» **Data supplied**:
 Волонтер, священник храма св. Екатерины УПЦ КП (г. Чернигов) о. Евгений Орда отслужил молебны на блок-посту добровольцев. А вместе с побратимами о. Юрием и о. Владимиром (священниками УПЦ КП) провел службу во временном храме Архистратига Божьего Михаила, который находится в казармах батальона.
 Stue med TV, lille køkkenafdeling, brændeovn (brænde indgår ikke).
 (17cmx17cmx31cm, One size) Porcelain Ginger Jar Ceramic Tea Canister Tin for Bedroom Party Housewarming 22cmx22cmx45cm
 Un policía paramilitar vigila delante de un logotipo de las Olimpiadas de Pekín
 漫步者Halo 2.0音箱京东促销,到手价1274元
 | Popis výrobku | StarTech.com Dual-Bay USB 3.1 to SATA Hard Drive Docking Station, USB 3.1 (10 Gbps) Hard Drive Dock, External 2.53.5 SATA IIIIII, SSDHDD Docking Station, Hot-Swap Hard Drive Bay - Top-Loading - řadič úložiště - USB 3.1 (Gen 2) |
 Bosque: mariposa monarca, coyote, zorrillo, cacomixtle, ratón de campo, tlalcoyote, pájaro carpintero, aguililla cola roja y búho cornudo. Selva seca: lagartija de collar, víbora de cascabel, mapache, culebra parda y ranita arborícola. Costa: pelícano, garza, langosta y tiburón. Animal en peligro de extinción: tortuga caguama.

--

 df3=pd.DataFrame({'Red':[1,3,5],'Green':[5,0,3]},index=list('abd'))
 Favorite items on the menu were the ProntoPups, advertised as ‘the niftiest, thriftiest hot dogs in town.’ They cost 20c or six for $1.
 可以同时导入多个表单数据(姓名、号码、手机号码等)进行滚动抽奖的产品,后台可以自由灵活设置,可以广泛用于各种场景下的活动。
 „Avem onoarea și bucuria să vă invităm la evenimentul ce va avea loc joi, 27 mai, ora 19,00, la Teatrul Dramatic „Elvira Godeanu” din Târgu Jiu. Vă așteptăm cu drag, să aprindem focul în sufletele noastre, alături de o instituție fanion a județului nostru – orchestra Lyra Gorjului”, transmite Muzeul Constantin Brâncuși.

» **Work required**:
Reproduce exactly the stretch of the material above that starts at the line with "Un policía paramilitar" and ends at the line with "漫步者Halo 2.0音箱京东促销,到手价1274元", both included, and nothing else.

» **Your solution**:
 Un policía paramilitar vigila delante de un logotipo de las Olimpiadas de Pekín
 漫步者Halo 2.0音箱京东促销,到手价1274元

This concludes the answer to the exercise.